Conservative MPs, like their Labour counterparts, will always say publicly when asked that they are aiming for an outright Tory majority.
But privately, many concede that this remains a distant prospect with the two major parties running neck and neck in the polls and Labour's inbuilt advantage thanks to the electoral system.
If there is no major movement in the polls in the next few weeks, we are certainly heading for a hung parliament. Even if the Conservatives end up as the largest party, it will be 23 years since they won an outright majority.
In recent weeks, there have been soundings that if the Conservatives are the biggest party Tory MPs would prefer to form a minority government rather than go into another coalition. However, these Westminster whispers may have little substance to them if the latest poll from Dods is to be believed.

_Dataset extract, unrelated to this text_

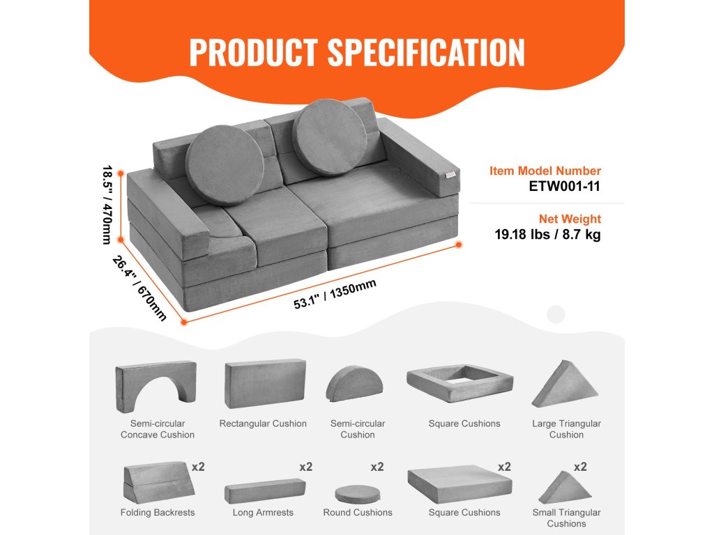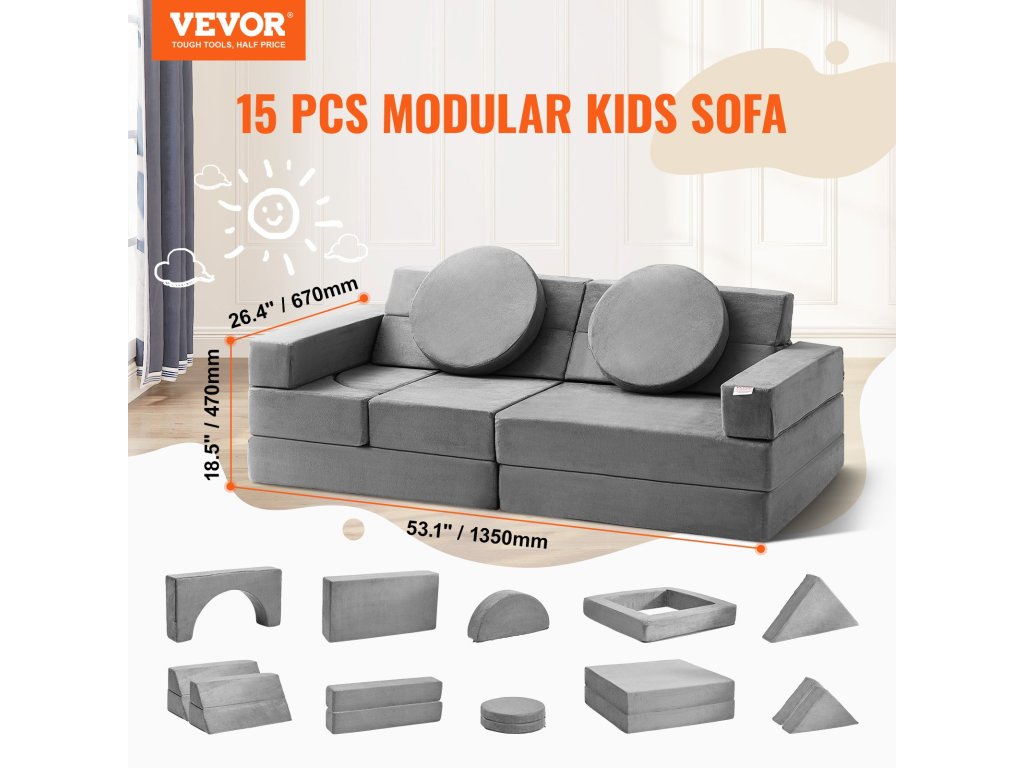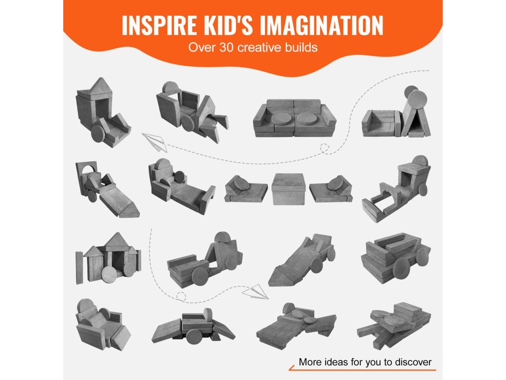 Míg a legtöbb gyerekeknek szánt játékkanapé készlet körülbelül 10 darabot kínál, mi 15-öt vettünk bele. Ezek között négyzeteket, téglalapokat és olyan izgalmas kiegészítőket találsz, mint a félkörök és háromszögek. Ezzel a 15 alkatrésszel gyermeke több mint 30 különböző modellt építhet, ami kreativitásra és felfedezésre ösztönöz.

The poll found 48 per cent of Conservative MPs supported forming another coalition with the Liberal Democrats if their party falls short in May. The figure rises to 53 per cent when Tory prospective parliamentary candidates are surveyed.
The hostility between the Tory party and Ukip appears to be borne out by the fact that Conservative MPs are more comfortable going into coalition with the Lib Dems than they were with Ukip. Only 11 per cent of Conservative MPs thought a coalition with Ukip would be a good idea.
On the other hand, Labour MPs are far more tribal. Just over a third of Ed Miliband's MPs would support full-blown coalition with the Lib Dems. The hopes of a grand progressive alliance between the two parties, a long-held dream of big beasts such as Andrew Adonis and Paddy Ashdown, looks further away than ever.